• [TASK OBJECTIVE]
Print the listing below word for word, but drop any pictures it contains.

• [RECORDS TO USE]
------------------------------------------------------------

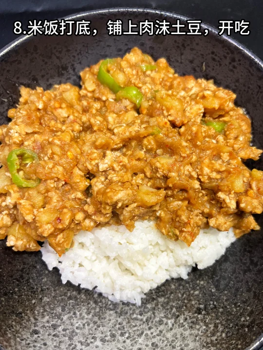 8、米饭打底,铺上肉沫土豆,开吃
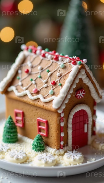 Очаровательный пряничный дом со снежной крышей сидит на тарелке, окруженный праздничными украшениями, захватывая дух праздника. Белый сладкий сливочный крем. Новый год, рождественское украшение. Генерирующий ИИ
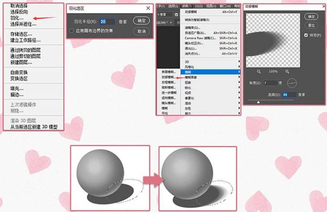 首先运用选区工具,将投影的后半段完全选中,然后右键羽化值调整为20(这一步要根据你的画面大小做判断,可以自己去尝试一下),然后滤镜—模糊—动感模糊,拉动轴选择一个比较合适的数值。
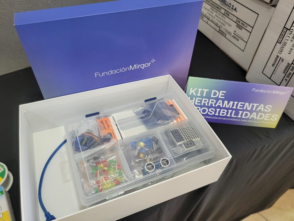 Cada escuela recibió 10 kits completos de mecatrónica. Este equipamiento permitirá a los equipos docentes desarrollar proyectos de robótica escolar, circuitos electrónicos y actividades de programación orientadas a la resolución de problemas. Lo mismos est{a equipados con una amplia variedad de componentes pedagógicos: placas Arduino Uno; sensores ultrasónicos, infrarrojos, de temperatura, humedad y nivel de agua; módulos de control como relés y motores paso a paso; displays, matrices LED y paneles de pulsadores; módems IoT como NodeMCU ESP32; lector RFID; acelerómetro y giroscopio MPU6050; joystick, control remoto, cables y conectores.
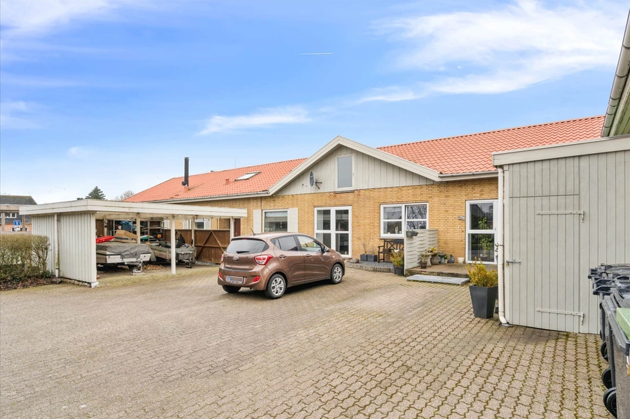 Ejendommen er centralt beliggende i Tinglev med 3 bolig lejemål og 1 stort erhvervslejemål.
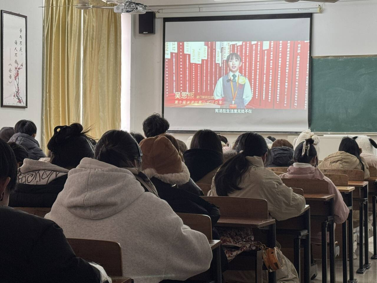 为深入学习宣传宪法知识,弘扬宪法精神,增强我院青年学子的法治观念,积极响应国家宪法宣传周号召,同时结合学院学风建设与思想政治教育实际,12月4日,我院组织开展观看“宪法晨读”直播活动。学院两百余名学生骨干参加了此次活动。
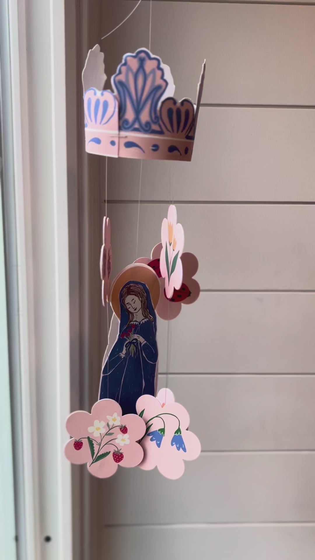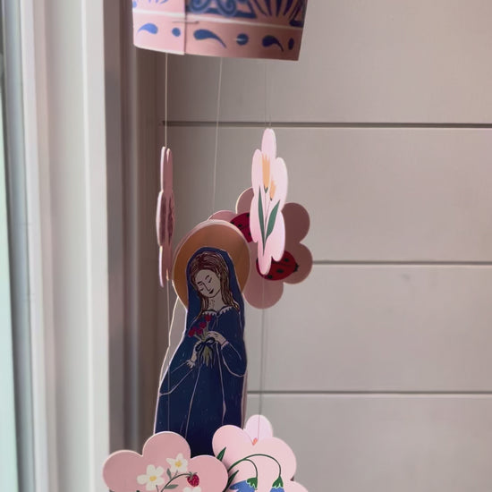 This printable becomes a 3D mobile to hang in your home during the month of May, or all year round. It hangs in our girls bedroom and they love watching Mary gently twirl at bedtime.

------------------------------------------------------------

• [ANSWER BOX]
 8、米饭打底,铺上肉沫土豆,开吃
 Очаровательный пряничный дом со снежной крышей сидит на тарелке, окруженный праздничными украшениями, захватывая дух праздника. Белый сладкий сливочный крем. Новый год, рождественское украшение. Генерирующий ИИ
 首先运用选区工具,将投影的后半段完全选中,然后右键羽化值调整为20(这一步要根据你的画面大小做判断,可以自己去尝试一下),然后滤镜—模糊—动感模糊,拉动轴选择一个比较合适的数值。
 Cada escuela recibió 10 kits completos de mecatrónica. Este equipamiento permitirá a los equipos docentes desarrollar proyectos de robótica escolar, circuitos electrónicos y actividades de programación orientadas a la resolución de problemas. Lo mismos est{a equipados con una amplia variedad de componentes pedagógicos: placas Arduino Uno; sensores ultrasónicos, infrarrojos, de temperatura, humedad y nivel de agua; módulos de control como relés y motores paso a paso; displays, matrices LED y paneles de pulsadores; módems IoT como NodeMCU ESP32; lector RFID; acelerómetro y giroscopio MPU6050; joystick, control remoto, cables y conectores.
 Ejendommen er centralt beliggende i Tinglev med 3 bolig lejemål og 1 stort erhvervslejemål.
 为深入学习宣传宪法知识,弘扬宪法精神,增强我院青年学子的法治观念,积极响应国家宪法宣传周号召,同时结合学院学风建设与思想政治教育实际,12月4日,我院组织开展观看“宪法晨读”直播活动。学院两百余名学生骨干参加了此次活动。
 This printable becomes a 3D mobile to hang in your home during the month of May, or all year round. It hangs in our girls bedroom and they love watching Mary gently twirl at bedtime.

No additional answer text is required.